I Sing The Body Electric.

Nel 1855 Walt Whitman apriva con questo verso una delle sue poesie nella raccolta Foglie d’Erba.

Un verso che si è poi rivelato seminale, diventando il titolo di un racconto e poi di una antologia di Ray Bradbury pubblicata nel 1969, quello di un album dei Weather Report del 1972 e, infine, della canzone che chiude Fame, il film di Alan Parker del 1980.

Il concetto del Corpo Elettrico è uno dei fondamenti della Fantascienza. Un corpo che funziona mediante l’elettricità. Un corpo artificiale, costruito in un laboratorio e non in un grembo materno.

Una macchina fatta per il futuro.

Ogni appassionato di fantascienza ha il proprio percorso a base di robot, androidi, macchine senzienti, elaboratori sofisticatissimi, che, se ci fermiamo a riflettere, sono sempre stati descritti o come benigni deus ex machina o come minacce. Che fossero enormi giganti di ferro o androidi caldi al tatto corredati di emozioni, pianeti computer o nanomeccanismi da iniettarci nelle vene, questi corpi o frammenti di corpi elettrici sono destinati a venire con noi nel futuro, con tutto il bagaglio di paure e speranze che si portano dietro.

Sia le une che le altre, ovviamente, sono legate ad un solo problema: il genere umano, cioè noi stessi. Siamo noi a determinare il valore positivo o negativo di queste che una volta potevano sembrare idee da riviste pulp e che invece stanno diventando realtà davanti ai nostri occhi con una velocità che nemmeno immaginavamo.

Per chi è nato negli anni ‘60 sentire parlare realmente di automobili a guida automatica, droni che consegnano pacchi, androidi da compagnia, applicazioni della nanotecnologia in medicina è allo stesso tempo bellissimo e tremendo.

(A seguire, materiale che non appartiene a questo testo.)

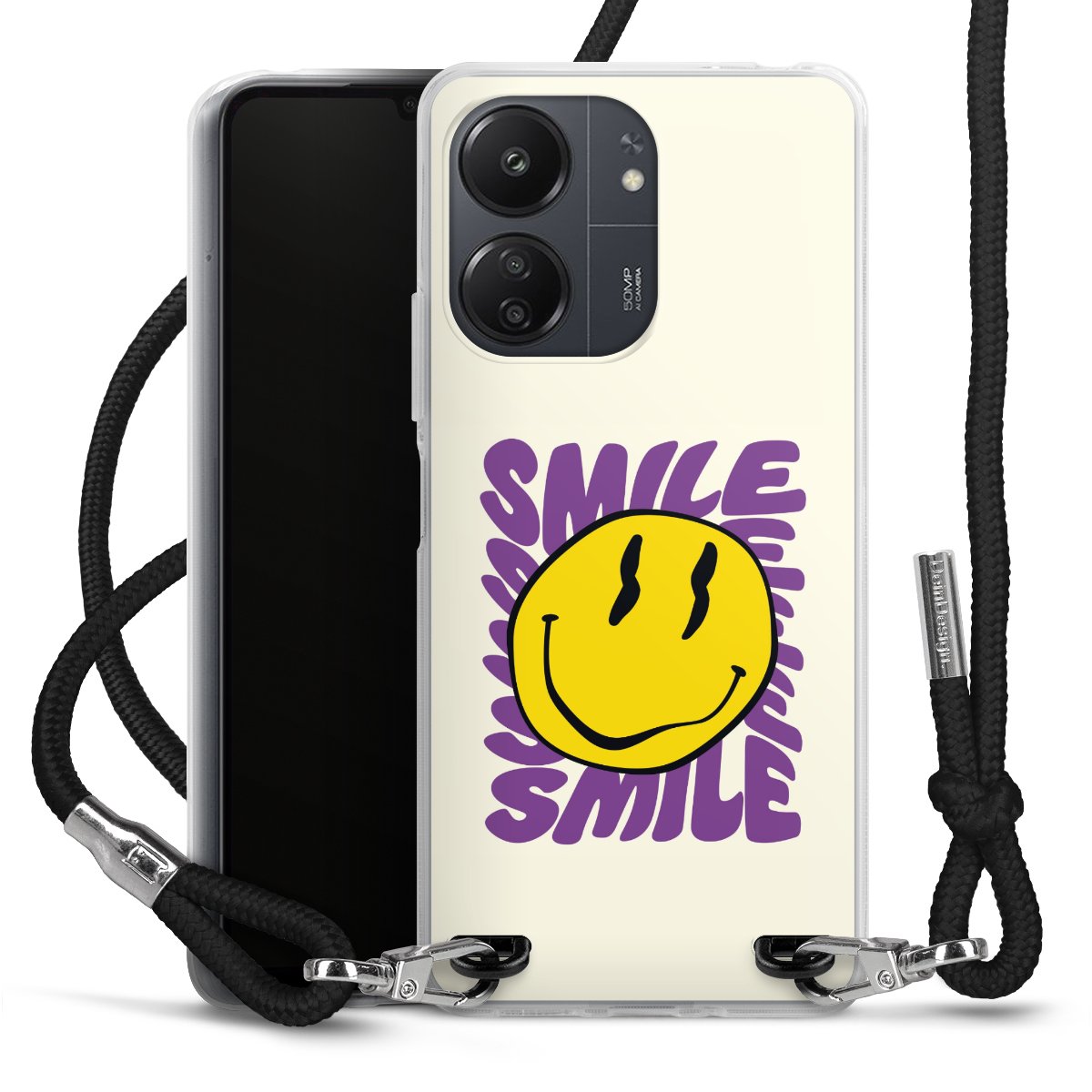 Keep your phone handy at all times, thanks to the flexible silicone case with a textile strap.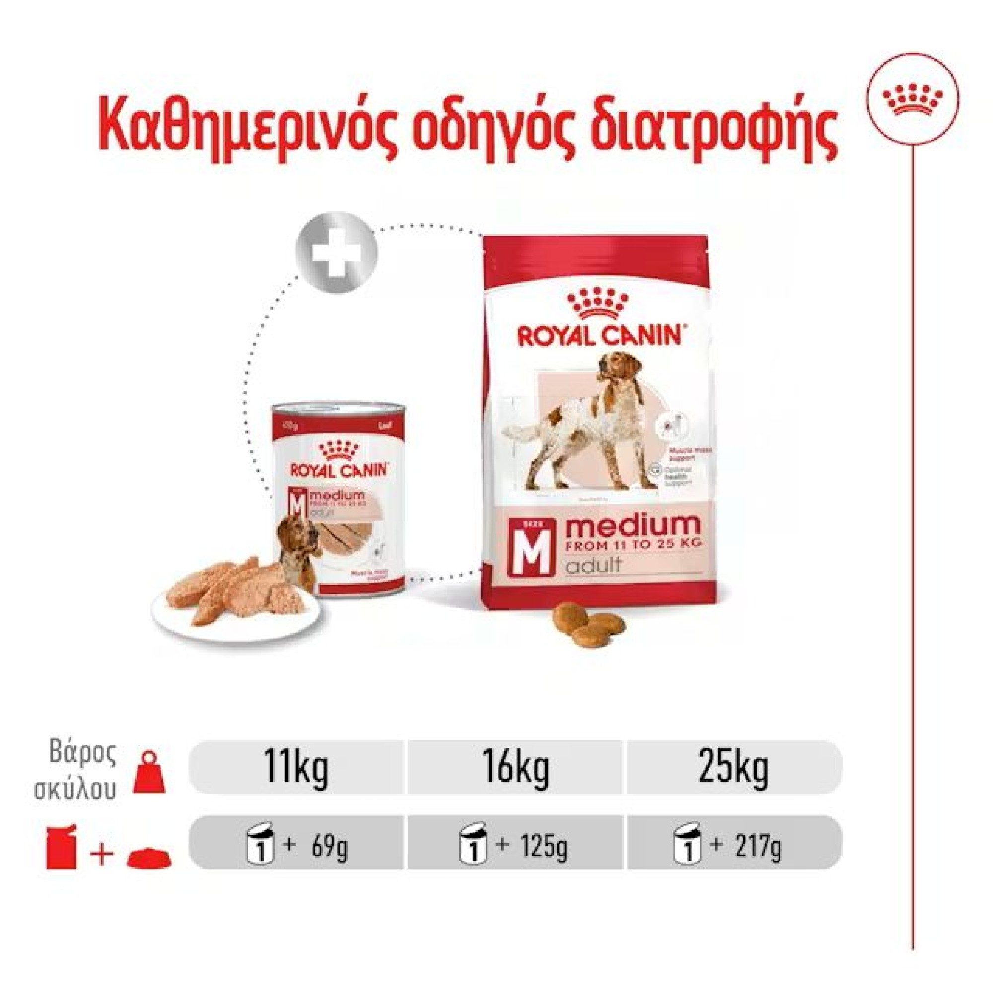 Πλήρης ζωοτροφή για σκύλους- Για ενήλικους σκύλους μεσαίου μεγέθους φυλών (από 11 έως 25 kg) – Άνω των 12 μηνών.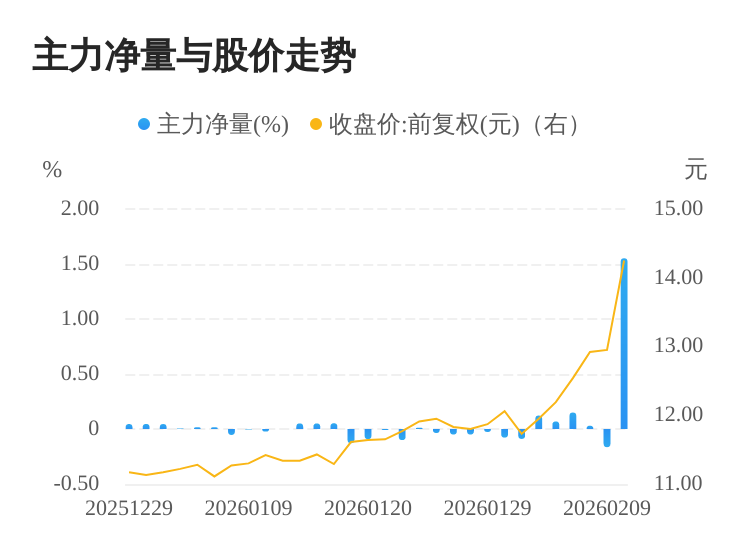 醋化股份(603968)02月10日主力(dde大单净额)净流入4457.20万元,涨跌幅为10.04%,主力净量(dde大单净额/流通股)为1.55%,两市排名40/5189。

Bellissimo perché scopriamo che quanto leggevamo non erano solo storie, tremendo perché insieme a questo sviluppo abbiamo visto di cosa è capace il genere umano, e per questo non riusciamo a fidarci di quanto potrebbe accadere. Non solo temiamo la robotizzazione industriale per le conseguenze sull’occupazione, ma sappiamo che non è l’invenzione/scoperta ad essere temuta quanto l’utilizzo che ne faremo. Storie come Terminator, Matrix, Westworld non solo rappresentano una delle caratteristiche umane, come la paura del diverso, ma potrebbero anche nascondere qualcosa di più profondo: la paura di ammettere che forse siamo solo un gradino dell’evoluzione.

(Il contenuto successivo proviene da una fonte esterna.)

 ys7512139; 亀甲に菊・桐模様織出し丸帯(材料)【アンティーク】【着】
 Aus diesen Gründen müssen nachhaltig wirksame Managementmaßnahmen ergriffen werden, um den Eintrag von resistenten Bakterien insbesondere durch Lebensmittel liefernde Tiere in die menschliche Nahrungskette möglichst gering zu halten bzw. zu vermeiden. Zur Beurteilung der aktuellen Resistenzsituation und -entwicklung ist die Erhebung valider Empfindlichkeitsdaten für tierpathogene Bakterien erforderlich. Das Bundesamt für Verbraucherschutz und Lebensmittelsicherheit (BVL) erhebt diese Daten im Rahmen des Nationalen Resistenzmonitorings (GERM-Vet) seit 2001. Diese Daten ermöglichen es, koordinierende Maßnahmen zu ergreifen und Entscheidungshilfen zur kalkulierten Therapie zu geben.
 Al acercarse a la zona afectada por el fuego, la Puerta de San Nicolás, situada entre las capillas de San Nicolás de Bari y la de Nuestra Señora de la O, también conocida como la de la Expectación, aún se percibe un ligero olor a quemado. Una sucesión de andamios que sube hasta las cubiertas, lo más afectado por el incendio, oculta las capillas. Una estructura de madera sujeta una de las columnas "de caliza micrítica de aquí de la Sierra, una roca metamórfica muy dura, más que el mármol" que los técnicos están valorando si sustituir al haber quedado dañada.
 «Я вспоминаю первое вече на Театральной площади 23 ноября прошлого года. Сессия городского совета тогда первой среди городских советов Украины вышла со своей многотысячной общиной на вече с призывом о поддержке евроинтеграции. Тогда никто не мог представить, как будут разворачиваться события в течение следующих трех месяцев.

Perché noi siamo già un corpo elettrico, il nostro sistema nervoso elabora dati, fa funzionare l’organismo e decide azioni attraverso l’elettricità, e se a questo associamo le nuove linee di ricerca sul DNA che viene sempre più interpretato come un software adattativo invece che un corredo di istruzioni rigidamente scritte la similitudine con le macchine che stiamo creando diventa stupefacente. Nessun genere animale comparso sul pianeta ha mai modificato ambiente e società attraverso la tecnologia, siamo i primi, e lo stiamo facendo ad una velocità che aumenta di anno in anno, certo, siamo consapevoli che alle spalle della ricerca non ci sia solo la sete di conoscenza ma anche la logica di mercato e questo è attualmente inevitabile. Ma che dobbiamo per forza essere o spaventati dalle macchine o adoratori di esse, è estremamente riduttivo.

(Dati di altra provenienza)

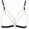 Miękki biustonosz bez biustu i figi bez krocza marki Cottelli LINGERIE wykonane z elastycznych aksamitnych tasiemek i łańcuszków z kółeczkami w kolorze różowego złota. Majteczki od spodu w całości wykonane z elastycznej koronki. Biustonosz zapinany z tyłu na haftki, ramiączka regulowane dla idealnego dopasowania. Łańcuszki są częściowo wyjmowane z biustonosza i całkowicie wyjmowane z majtek dzięki karabińczykom. Regulowane paski na udach są również odpinane od majtek.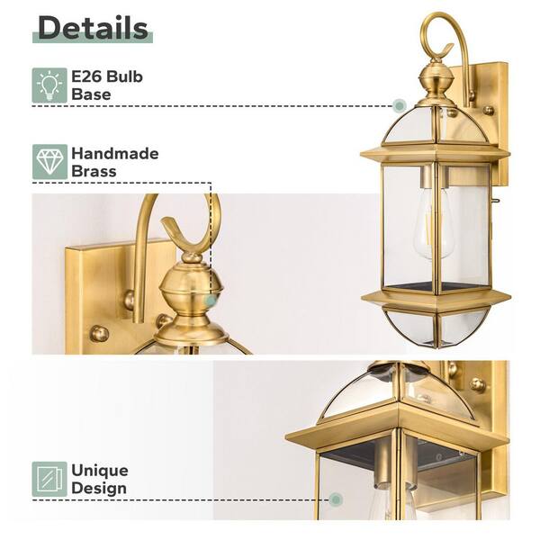 1-Light 18 in. Gold Brass Outdoor Hardwired Wall Lantern Sconce with No Bulbs Included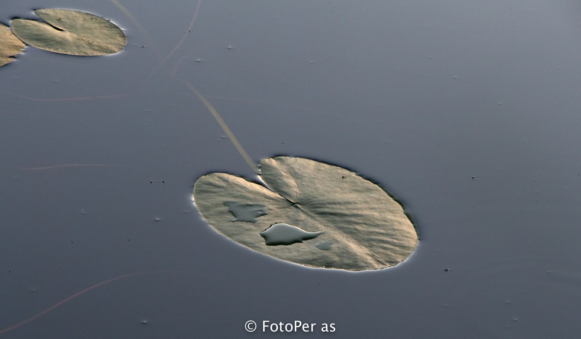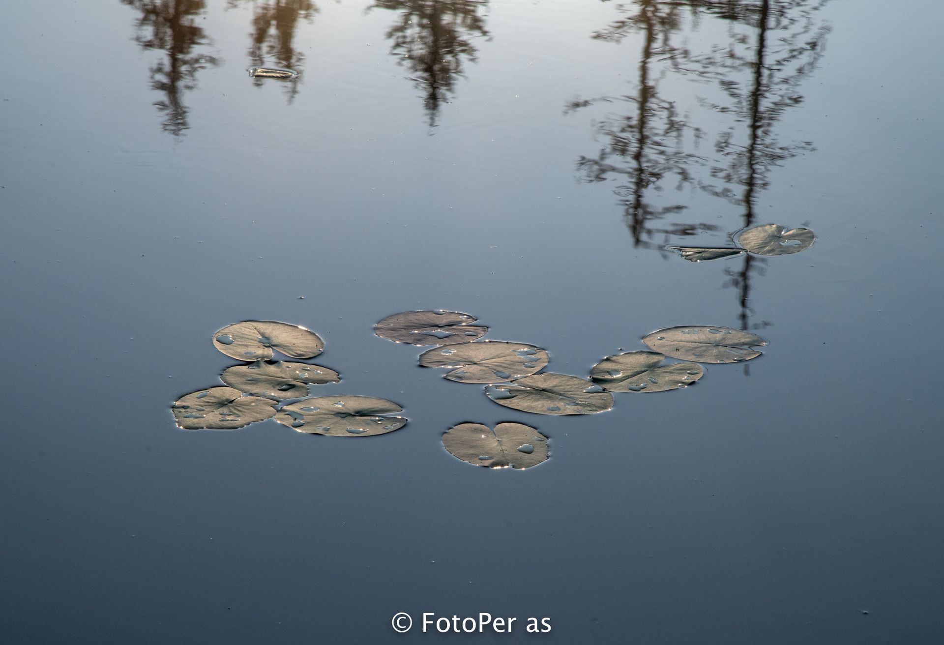 Det er masse vannliljeblader i tjernet, men det er få blomster å se. For tidlig på morran til at de har "våknet" enda.

Allo stesso tempo non pensiamo per forza ad una Terra devastata sulla quale regnino solo macchine senzienti, o a una Arcadia priva di ogni artificialità. Proviamo, invece, ad immaginare, e magari costruire, un futuro nel quale avanziamo insieme alle macchine, non solo in senso figurato. Il racconto di Bradbury citato in apertura si chiude con una bambina che impara a fidarsi della sua nonna robotica perché è l’unica immortale. In Matrix le Macchine per rimanere immortali usano gli esseri umani come «batterie», la quintessenza del corpo elettrico. La vera rivoluzione futura, forse, non è se accettare o meno androidi e IA nelle nostre case, ma poter usare tutto questo per cambiare le modalità della società in cui viviamo. Questo si che è un bel sogno, che spereremmo possa nascere anche dal quello brutto della pandemia che stiamo vivendo. Le macchine sopravviverebbero a qualsiasi pandemia, certo, e forse questo ci spaventa ancora di più: creare qualcosa che vinca la morte mentre noi non riusciamo a farlo. Una pesantissima lezione di umiltà. Ma la canzone del film Fame ha un verso che dice: And in time and in time we will all be stars. Prendiamolo alla lettera, dunque, come un augurio per il futuro dell’umanità, quello di evolvere in serene stelle dal corpo elettrico che ci permetta di vivere nel cosmo magari per sempre.